Hatırlayın; AKP 3 Kasım 2002'de tek başına iktidara gelmiş, Erdoğan'ın milletvekili adaylığı engellendiği için 1. AKP Hükümeti'ni Abdullah Gül kuruyordu. Gül kabine listesini o sırada Cumhurbaşkanı olan Ahmet Necdet Sezer'e sunmaya hazırlanıyordu ki, Erdoğan AKP'nin lideri olarak, elinde bir kutu çikolatayla Demirel'in Kuleli Sokak'taki ofisinin kapısını çaldı. 17 Kasım 2002'de yapılan görüşme yaklaşık 45 dakika sürdü.
Neden?
“Türkiye özellikle içeride kritik bir dönemden geçerken Demirel'in engin devlet tecrübesinden istifade etmek için” diye açıklamıştı Erdoğan.

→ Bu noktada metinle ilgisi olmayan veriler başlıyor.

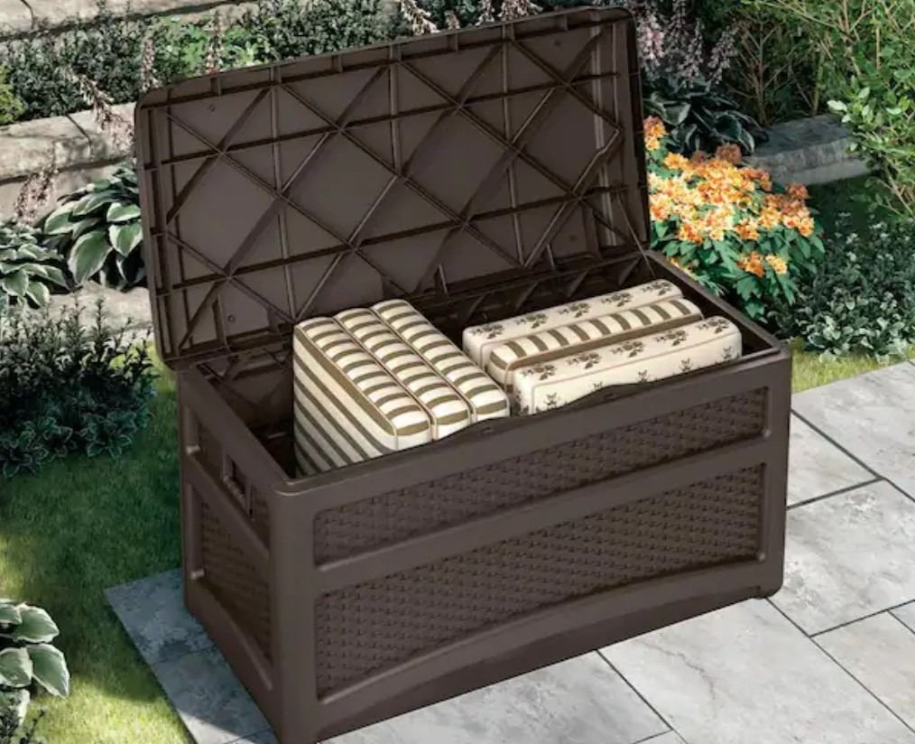 Suncast 73 Gallon Deck Box, All Weather Construction, Pad-Lockable, Open Box, Like New Condition
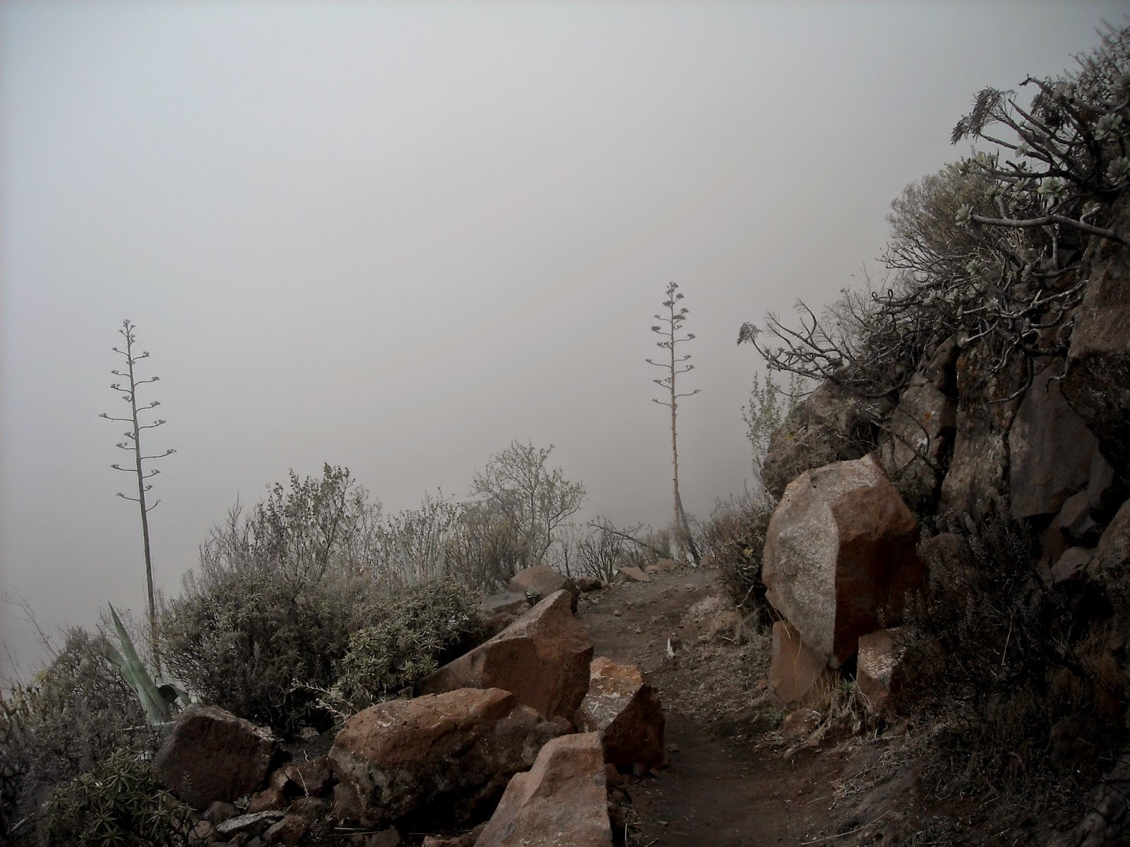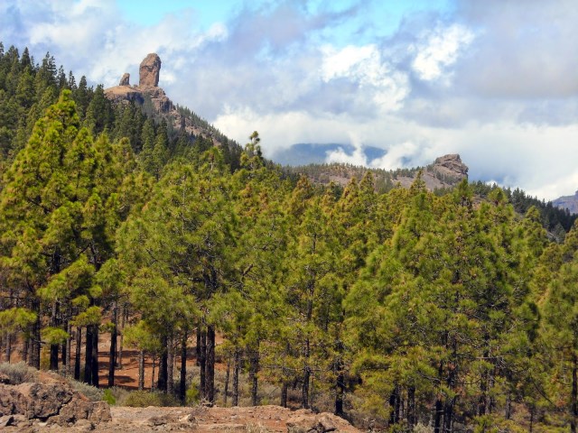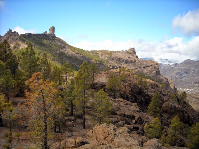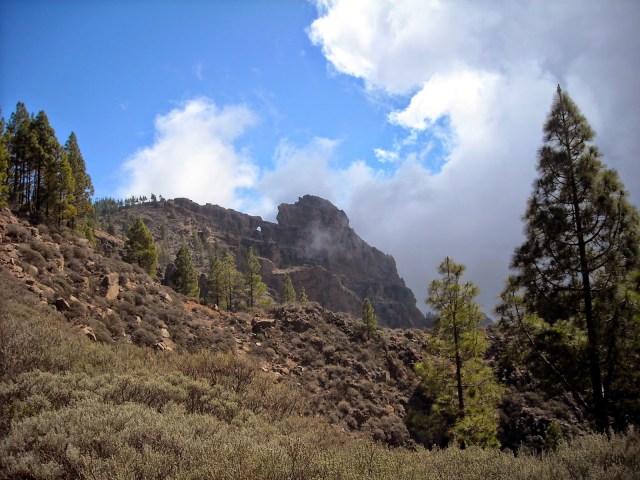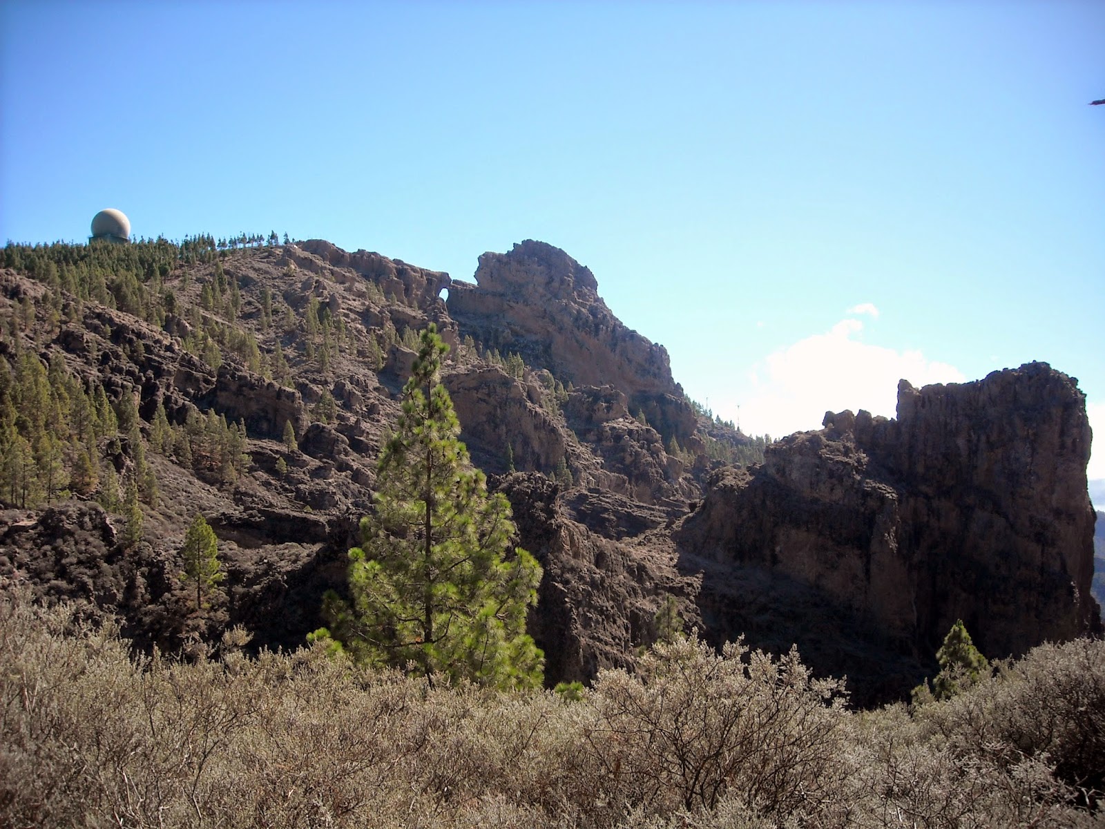 Po jakimś czasie dochodzę do rozdroża szlaków, na Pozo de Las Nieves trzeba odbić w prawo i w górę, szlak nadal trawersuje łagodnie zalesione zbocza. Po lewej zaczynają się pojawiać odległe formacje skalne ( min Roque Nublo).Po zejściu z głównego szlaku kończą się jakiekolwiek oznaczenia, idę po prostu dobrze wydeptaną ścieżką.Idę dość szybkim tempem, bo nie wiem ile jeszcze do szczytu, ile zajmie mi zejście a jedyny autobus do cywilizacji wyjeżdża z wioski Ayacata ok 15 (dokładnie o której – też nie wiem) Cały czas zastanawiam się, gdzie jest ścieżka na Pozo de Las Nieves – zdecydowałam.że odpuszczę sobie najwyższy szczyt,gdzie można dojechać asfaltową drogą i można spodziewać się tłumu. Ścieżki nie ma, wiec idę i idę, aż w końcu widzę jakieś zabudowania i coś co wygląda jak szczyt.

AKP'nin, Demirel'in 28 Şubat sürecinin koordinatörü olduğunu teşhis etmek için o gün bilmeyip de bugün sahip olunan bilgiler neler acaba?

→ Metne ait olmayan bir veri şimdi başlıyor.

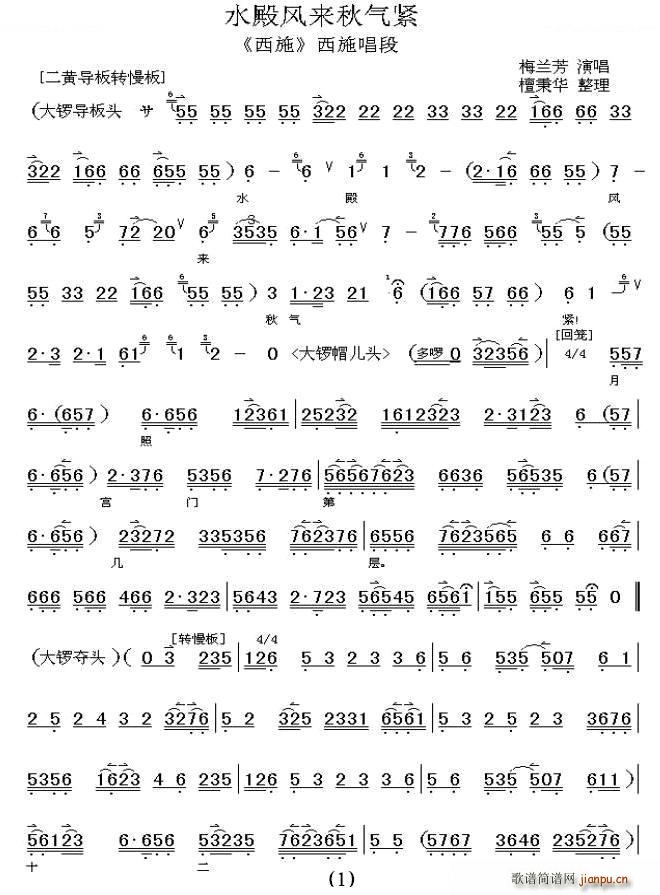 [京剧曲谱]水殿风来秋气紧( 唱段、伴奏谱) 京剧唱谱 西施

Yoksa doğru cevap, bugünden baktığımızda o günlerin farklı görünmesi mi?
Evet, bu ülkede demokrasinin her zaman bir “medya”, her zaman bir “sivil”, her zaman bir “siyaset”, her zaman bir “ilke” sorunu da oldu.
Hatırlayın, bugün devletin parmak izleri aranan faili meçhul cinayetlerin önemli bir bölümünün işlendiği dönemde Başbakan olan Tansu Çiller, sonrasında Necmettin Erbakan'la REFAHYOL koalisyonunu kuracağı 24 Aralık 1995 seçimlerinde kimi parlamentoya sokmuştu?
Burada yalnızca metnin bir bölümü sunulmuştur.